The Systems Administrator is likely the closet technological trade to skilled manual labor. They troubleshoot complex systems that others take for granted, until they fail, with a deceptive ease. Explaining to another how they had a hunch to look at a certain part of the system is either a retrospective tale of why it made sense, or a sarcastic nod to magic. This tale attempts to work out how one could have deduced the solution, but even if someone assembled a collection of symptoms and solutions into a step-by-step guide, they would not be able to replace the role of a Systems Administrator. Like an automotive mechanic can detect a blown head gasket from the smell of the oil, a Systems Administrator can sense infrastructure issues from how systems are behaving. And like a fondness for a make of automobile, we grow attached to Linux distributions that have treated us well and editors whose dark secrets we can manipulate skillfully.

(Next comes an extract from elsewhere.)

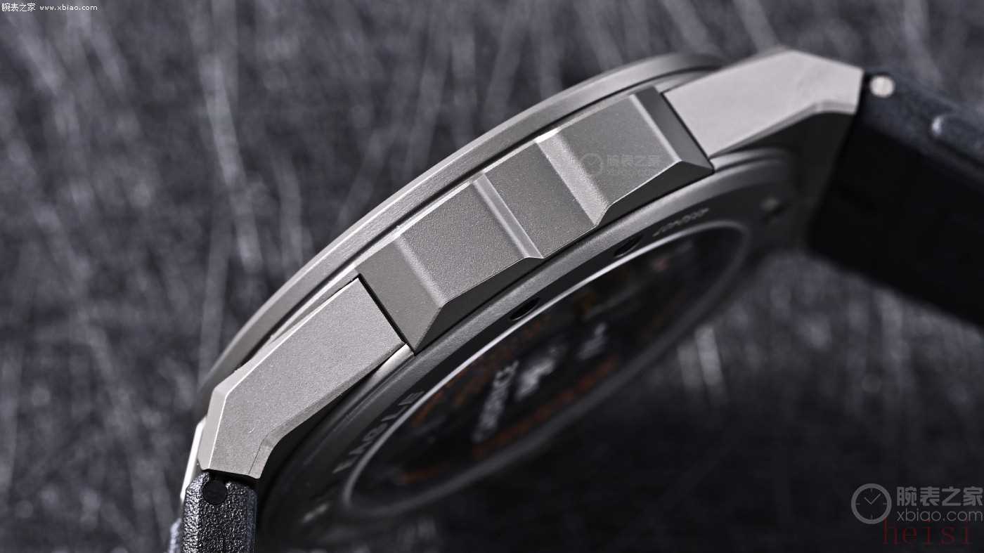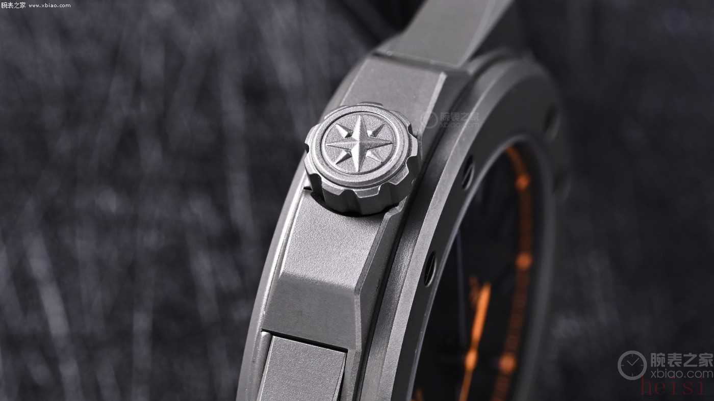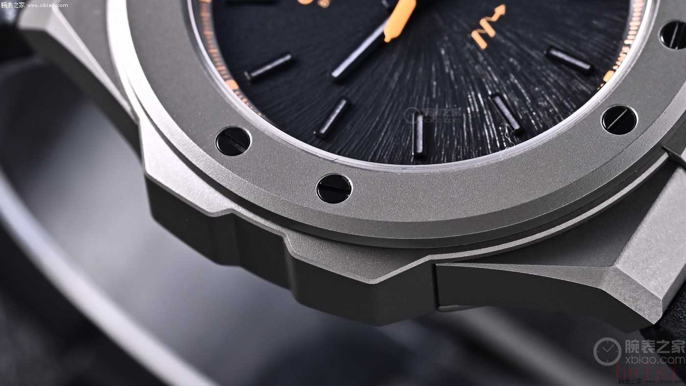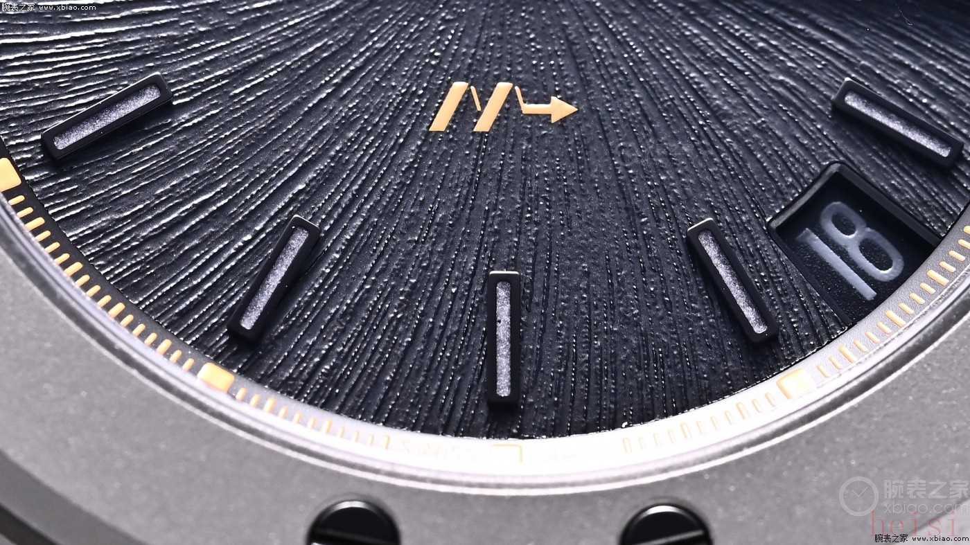 此外,通过实拍图可以看到,表壳、表圈以及护肩装置都经过了微珠喷砂处理,形成磨砂质感,这种表面处理能够散射光线,从而在视觉上看给人一种简约、柔和的感觉。

I once had a student who didn’t understand why we couldn’t repair board-level hardware issues ourselves as easily as replacing a stick of memory, as their uncle was capable of repairing any engine problems by opening up the hood and quite literally “jiggling some wires.” A mystic knowledge exists in both worlds that is challenging to articulate to the layman. It can be difficult enough to explain a single component, but when a part of a system falls over and causes cascading failures in other parts of a system, outsiders are tempted to believe that they’ve just learned a truth about the solution. That is, that when certain symptoms occur, it is always caused by the failure of a particular part and that this part should be restarted to ’solve’ the problem. Yet, the experienced know that this only resolves the symptoms and the still problem lurks, now with fewer hints as to its origin.

The future is already here – it is just unevenly distributed. — William Gibson

The trouble with paradigm shifts is that they aren’t necessarily direct improvements on existing technology with a clear lineage. Critics ask why the new ways are better than that which they replace, and we struggle to draw the path that led us to this new place of understanding. The struggle is because instead of making a choice at a clear intersection of a path, we stepped through the bushes to another path not as obviously traveled. This alternate path may lead us to the same end, but its course has an entirely different shape.

To further exacerbate the problem, new innovations stand on the shoulders of giants. Some people have been convinced of the merits of leveraging cloud computing on a strictly financial basis, and have missed the tenants of Undifferentiated Heavy Lifting (UHL), where running servers and building networks may not be ones core business and ultimately a distraction. Some have yet to grasp the concept of treating systems, even built on internal hardware, as disposable, still accustomed to legacy processes of maintaining a system for the lifetime of the hardware.

It is essential to realize that these new technologies are not minor improvements to business as usual. Like the birth of globalization changing business around the world, nursed by the multi-modal shipping container’s head fake as just another way of moving cargo, todays innovations will surely reshape the face of operations permanently, in substantial and non-incremental ways.